◆ What this task involves
Would you return exactly the lines below from the line with "BBNA sponsors professional" through the line with "Loads of Closets!", both included, and nothing else, leaving out the pictures?

(Dataset excerpts)
▬▬▬▬▬▬▬▬▬▬

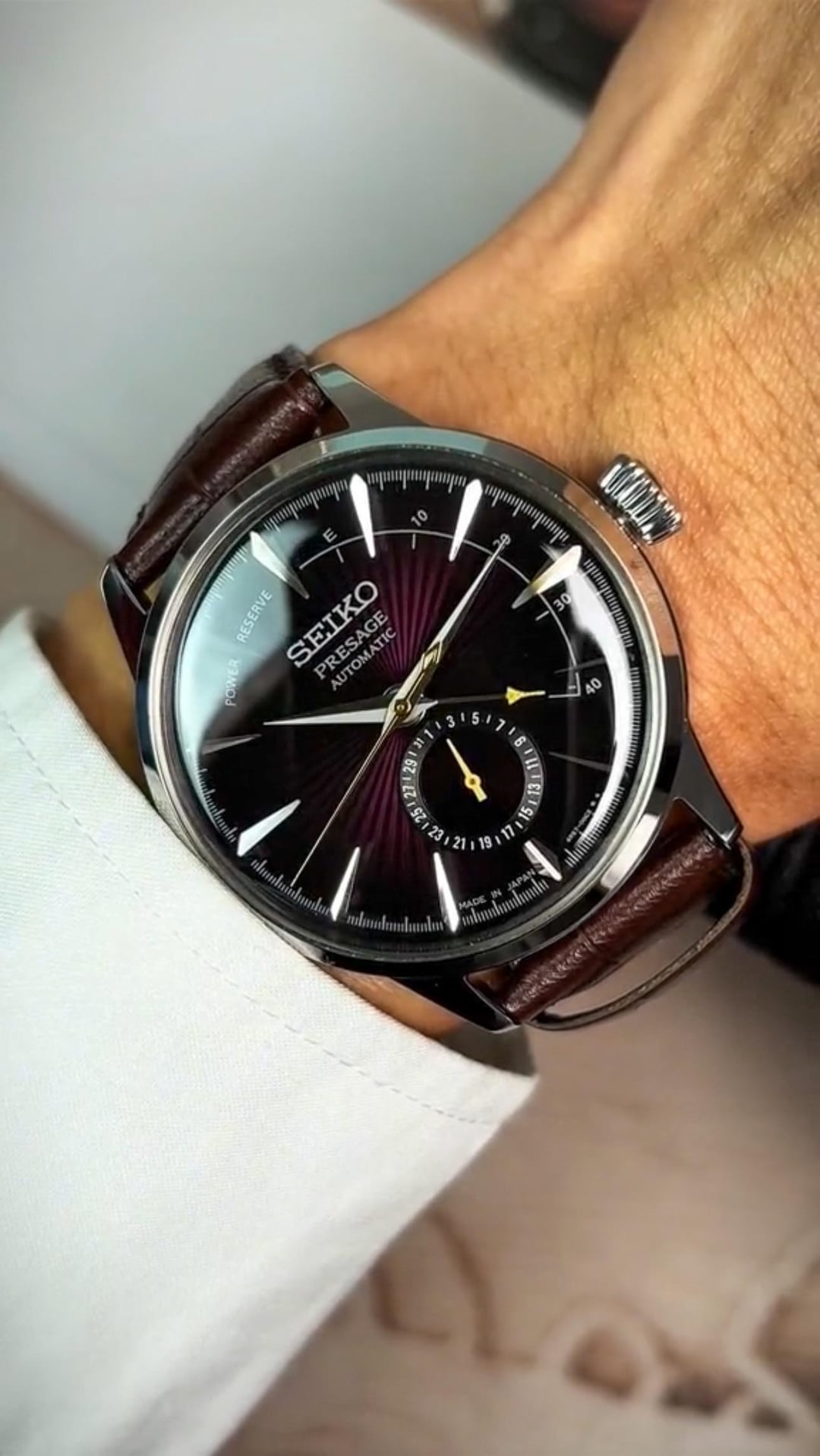 For sale is a **Seiko Presage Cocktail Time Black Cat Martini SSA393** in **excellent condition** - **Full kit**: Includes the original box, papers, and warranty valid until March 2027 - Stunning brown and purple dial with a sunray finish, creating a unique bird’s-eye view into a cocktail glass - Case Diameter: 40.5 mm | Lug to Lug: 47.5 mm | Lug Distance: 20 mm | Power Reserve: 41 hours | Movement: 4R57 - Worn less than **5 times**, in great condition overall - **Accurate performance**: Running at -0.3 seconds per day (average over the last 5 months) - Priced at **$435 + shipping**. PayPal or Venmo F&F only. - No trades please
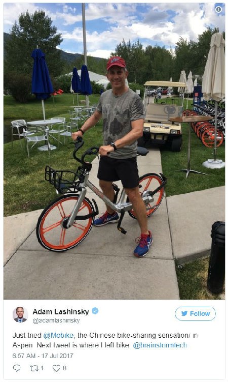 《財富》副總編亞當·拉辛斯基在會場附近體驗摩拜單車。(美國《財富》雜志網站)
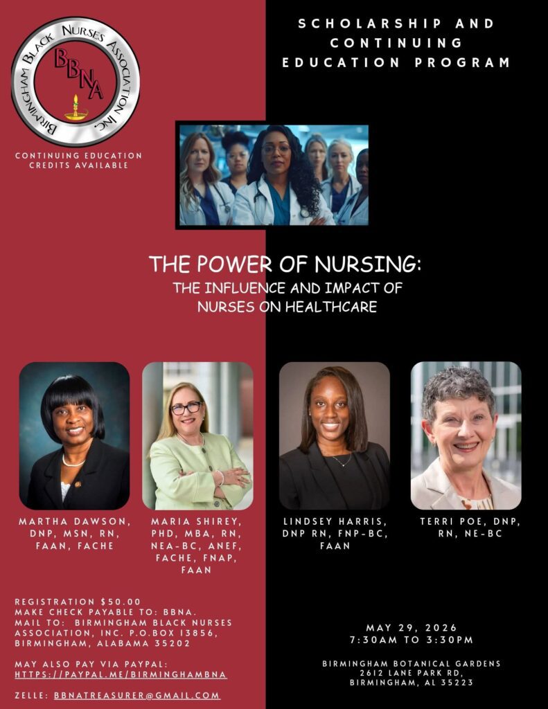 BBNA sponsors professional nursing workshops, mentors nursing students, conducts community health fairs, supports community healthcare initiatives, and participates in community service projects. Health promotion, disease prevention, and health education services are important strategies as BBNA continues to pursue quality healthcare for all Alabamians.
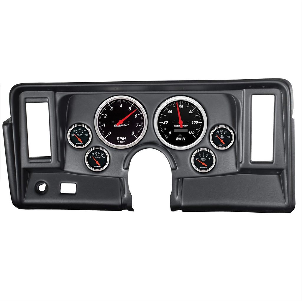 AutoMeter Designer Black instrument clusters outfit your classic muscle car or truck with the ability to track your engine's vitals in real-time with highly responsive and accurate electric air-core gauges. These direct-fit kits include a set of six iconic AutoMeter gauges that feature traditional incandescent lighting to illuminate around the perimeter of the dial, plus a rugged, durable, and paintable thermoformed ABS plastic dash panel. The instrument clusters are easy to install and require no cutting or modifications to your original dash. They also are designed with cutouts, where applicable, for factory accessory controls, air vents, and radio. Custom performance instrument solutions for your vehicle without the custom price—AutoMeter instrument clusters.
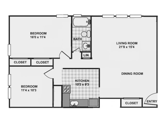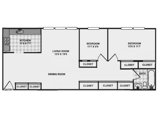Loads of Closets! 2 br / 1 bath - D Style - Floorplan 1 Economical Floorplan - 2 br / 1 bath - B Style
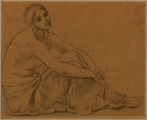 This sketch, "Study for Greek Girls Bathing", was made by Elihu Vedder using graphite and white chalk on paper. The artist’s hand is evident in the work's textures, which range from the soft blending of graphite to the more pronounced, almost crumbly texture of the chalk highlights. Vedder is exploring light and shadow in a tonal study, carefully considering the draping fabric and the form of the figure beneath. It gives us insight into the labor-intensive preparatory work that underpinned Vedder’s more elaborate paintings. Although it might appear spontaneous, the use of specific drawing techniques shows Vedder’s engagement with academic traditions. He wasn't just casually sketching; he was employing learned skills to represent an idealized form. Looking at this drawing, it's clear that even a preliminary sketch can carry significant cultural and artistic value, and provide insight into both Vedder's artistic process and the broader artistic conventions of his time.
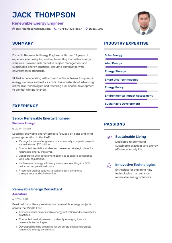As a Renewable Energy Engineer in UAE, you play a crucial role in designing and implementing sustainable energy solutions. This growing field offers immense opportunities but also competition. A robust CV & resume is essential to stand out.
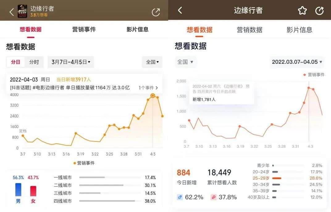 (本轮点映也为《边缘行者》创造了猫、淘想看日新增峰值)
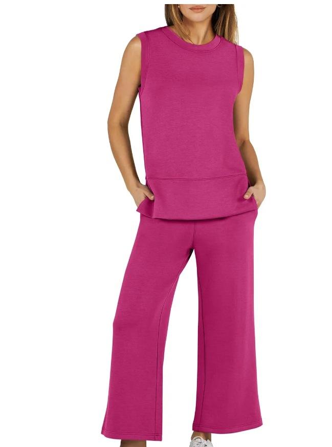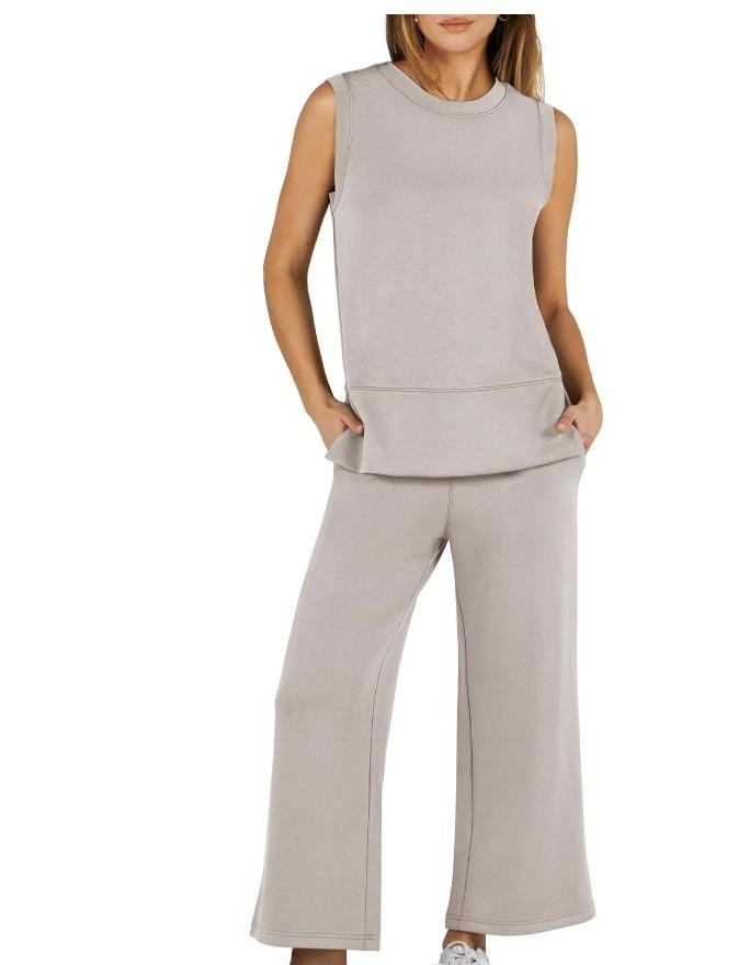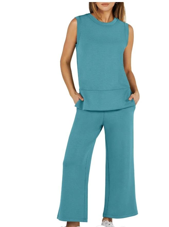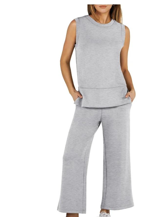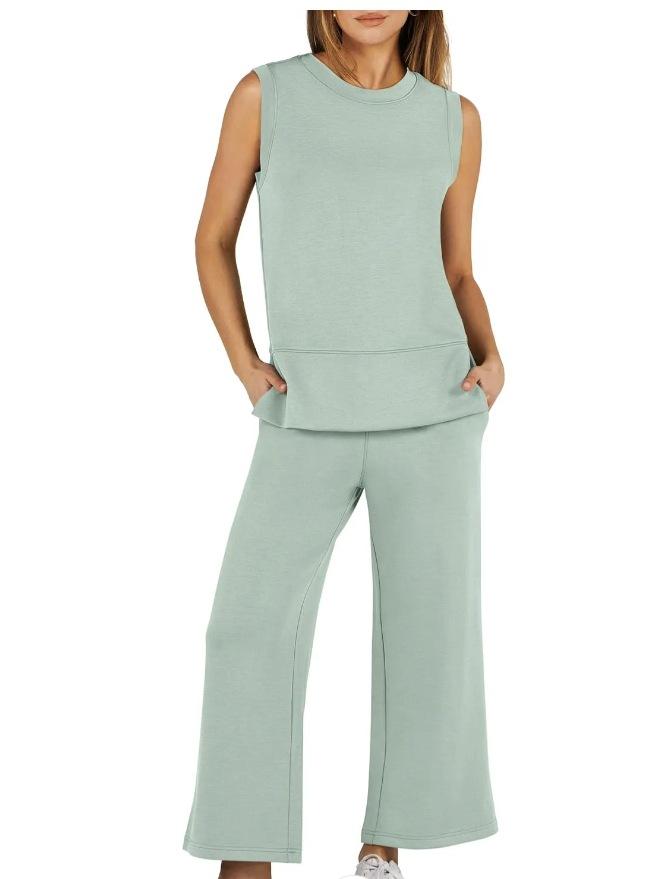 2024 Europeu e Americano Primavera e Verão Novo Mangas Crewneck Calças Colete Feminino

▬▬▬▬▬▬▬▬▬▬

◆ Result
 BBNA sponsors professional nursing workshops, mentors nursing students, conducts community health fairs, supports community healthcare initiatives, and participates in community service projects. Health promotion, disease prevention, and health education services are important strategies as BBNA continues to pursue quality healthcare for all Alabamians.
 AutoMeter Designer Black instrument clusters outfit your classic muscle car or truck with the ability to track your engine's vitals in real-time with highly responsive and accurate electric air-core gauges. These direct-fit kits include a set of six iconic AutoMeter gauges that feature traditional incandescent lighting to illuminate around the perimeter of the dial, plus a rugged, durable, and paintable thermoformed ABS plastic dash panel. The instrument clusters are easy to install and require no cutting or modifications to your original dash. They also are designed with cutouts, where applicable, for factory accessory controls, air vents, and radio. Custom performance instrument solutions for your vehicle without the custom price—AutoMeter instrument clusters.
Loads of Closets! 2 br / 1 bath - D Style - Floorplan 1 Economical Floorplan - 2 br / 1 bath - B Style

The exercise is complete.